# A Video! Try Typing This Dude.



## DJeter (May 24, 2011)

Ron Paul and Mel Gibson are INFJs.

It's fairly clear you use Se and Ni. That whole video you're using Se and you probably use Ni for wanting to be completely different from the norm. 

I also think you use Fi/Te. And you're definitely an introvert. So it's between INTJ and ISFP. And I think you're ISFP. I think you're not a high Te user. And the fact you identify with 4w3 would suggest you're an Fi dom. 

So I'd say ISFP with high Ni.


----------



## HandiAce (Nov 27, 2009)

WSidis said:


> Ron Paul and Mel Gibson are INFJs.
> 
> It's fairly clear you use Se and Ni. That whole video you're using Se and you probably use Ni for wanting to be completely different from the norm.
> 
> ...


Thanks for your input. I suppose I could take up the title ISFP. Can you explain why I seem to appear as using Se throughout the entire video?



Sparky said:


> After watching the video with audio, I am fairly certain you are INTJ. I think you are reading too much into cognitive functions, which can be source of confusion. You remind me of people like Ron Paul, Mel Gibson, or Professor Solomon, who I consider to be INTJ. Thank you.


I'm not sure how I'm like Professor Solomon, unless MAYBE I was a bit hyper active, but if I remind you of somebody that's cool!


----------



## DJeter (May 24, 2011)

HandiAce said:


> Thanks for your input. I suppose I could take up the title ISFP. Can you explain why I seem to appear as using Se throughout the entire video?


Your eyes are constantly scanning the environment taking in information.

Edit: You remind me a bit of a young Bob Dylan, and he too was very anti-conformity. Check this out:

--http://www.youtube.com/watch?v=DcPoZZVm3Dk--


----------



## HandiAce (Nov 27, 2009)

WSidis said:


> Your eyes are constantly scanning the environment taking in information.
> 
> Edit: You remind me a bit of a young Bob Dylan, and he too was very anti-conformity. Check this out:
> 
> --http://www.youtube.com/watch?v=DcPoZZVm3Dk--


My eyes are looking through a vast realm of space within my head. Trying to find the bits and pieces of information I can get off of the top of my head.


----------



## DJeter (May 24, 2011)

HandiAce said:


> My eyes are looking through a vast realm of space within my head. Trying to find the bits and pieces of information I can get off of the top of my head.


Se and Ni are connected. If you use Se, then you use Ni. Now, you saying that makes me suspect that you're an Ni dom. What cognitive function do you most identify with?

Do you identify with:
"They are mostly silent, inaccessible, and hard to understand; often they hide behind a childish or banal mask, and not infrequently their temperament is melancholic. They neither shine nor reveal themselves.
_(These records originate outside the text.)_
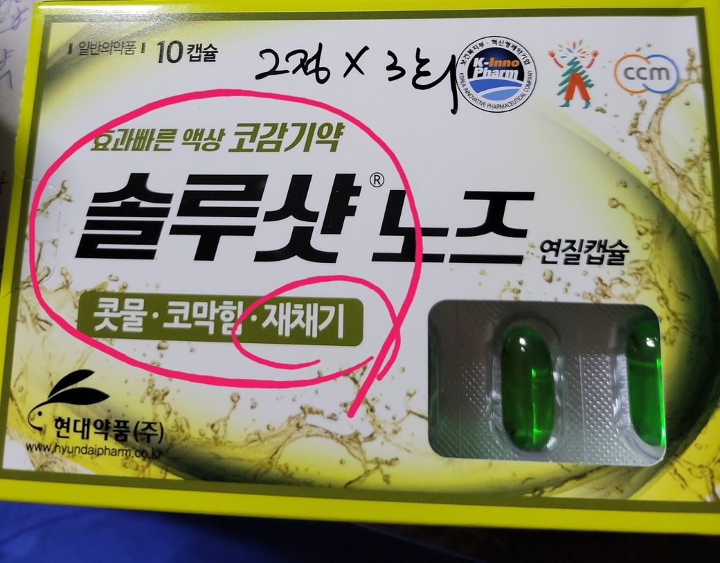 약국에 가서 "솔루샷 노즈 "라는 약을 받아왔습니다.!
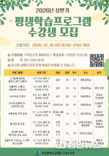 정안뉴스 황정혜 기자 | 부산광역시립구덕도서관은 3월부터 5월까지 유아와 성인 140여 명을 대상으로 구덕도서관에서 ‘2026년 상반기 평생학습 프로그램’을 운영한다.
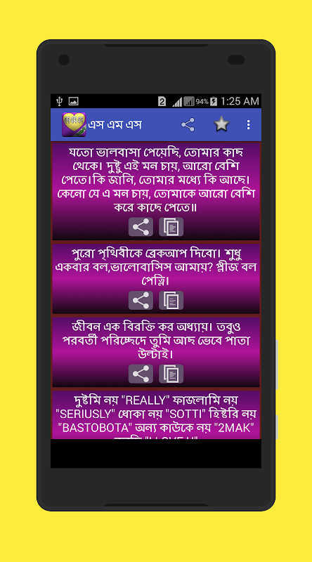 ভালোবাসার মানুষ কে খুশি রাখতে প্রয়োজন হয় কবিতা অথবা এসএমএস আর এই এস এম এস সবাই সাজিয়ে লিখতেও পারেন না। তাহলে কি করবেন? চিন্তা নেই আমরা আপনাদের জন্য নিয়ে এলাম ভালবাসার এস এম এস আপনি শুধু পড়বেন আর যেটা পছন্দ সেটা ক্লিক করে পাঠিয়ে দিবেন আপনার প্রিয় মানুষ কে। এর জন্য আমরা ভালোবাসার মেসেজ অ্যাপ টি তে রেখেছি sms কপি ও সরাসরি সেন্ড করার অপশেন।

Since they submit the control of their lives to their subjectively orientated feeling, their true motives generally remain concealed. Their outward demeanour is harmonious and inconspicuous; they reveal a delightful repose, a sympathetic parallelism, which has no desire to affect others, either to impress, influence, or change them in any way. Should this outer side be somewhat emphasized, a suspicion of neglectfulness and coldness may easily obtrude itself, which not seldom increases to a real indifference for the comfort and well-being of others."?


----------



## HandiAce (Nov 27, 2009)

WSidis said:


> Se and Ni are connected. If you use Se, then you use Ni. Now, you saying that makes me suspect that you're an Ni dom. What cognitive function do you most identify with?


Probably Ni, since I'm usually out of tune with the rest of the world. MY understanding of Ni is that it is a function that allows people to be one step ahead of the game and to predict the future. I guess I am rather future-oriented, but don't really change anything. I just dream. 
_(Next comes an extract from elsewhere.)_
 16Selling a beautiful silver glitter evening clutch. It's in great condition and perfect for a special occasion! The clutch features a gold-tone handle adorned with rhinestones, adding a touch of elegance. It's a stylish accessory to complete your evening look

I find it interesting, that you think INTJ because I thought I used to clash with people that are Te-minded. Kinds of people that are like:

"You were supposed to do X today!"

"That's not how you were supposed to do it!"

"You're thinking about the end goal again! Break it down into steps! Here let me do it FOR you." *Goes through the agony of exact direction which makes me lose touch of where I am going.*


----------



## DJeter (May 24, 2011)

HandiAce said:


> Probably Ni, since I'm usually out of tune with the rest of the world. MY understanding of Ni is that it is a function that allows people to be one step ahead of the game and to predict the future. I guess I am rather future-oriented, but don't really change anything. I just dream.
> 
> I find it interesting, that you think INTJ because I thought I used to clash with people that are Te-minded. Kinds of people that are like:
> 
> ...


Actually, I'm leaning towards INFJ. You don't seem to use Te. You seem like a feeler that uses Ni and Se. I sort of assumed ISFP because I didn't think you used Fe, but looking at that other video (I didn't realize you had two), you seem for sure like an Ni dom. How do you identify with INFJ stereotypes? Could you see yourself being one?


----------



## HandiAce (Nov 27, 2009)

WSidis said:


> Actually, I'm leaning towards INFJ. You don't seem to use Te. You seem like a feeler that uses Ni and Se. I sort of assumed ISFP because I didn't think you used Fe, but looking at that other video (I didn't realize you had two), you seem for sure like an Ni dom. How do you identify with INFJ stereotypes? Could you see yourself being one?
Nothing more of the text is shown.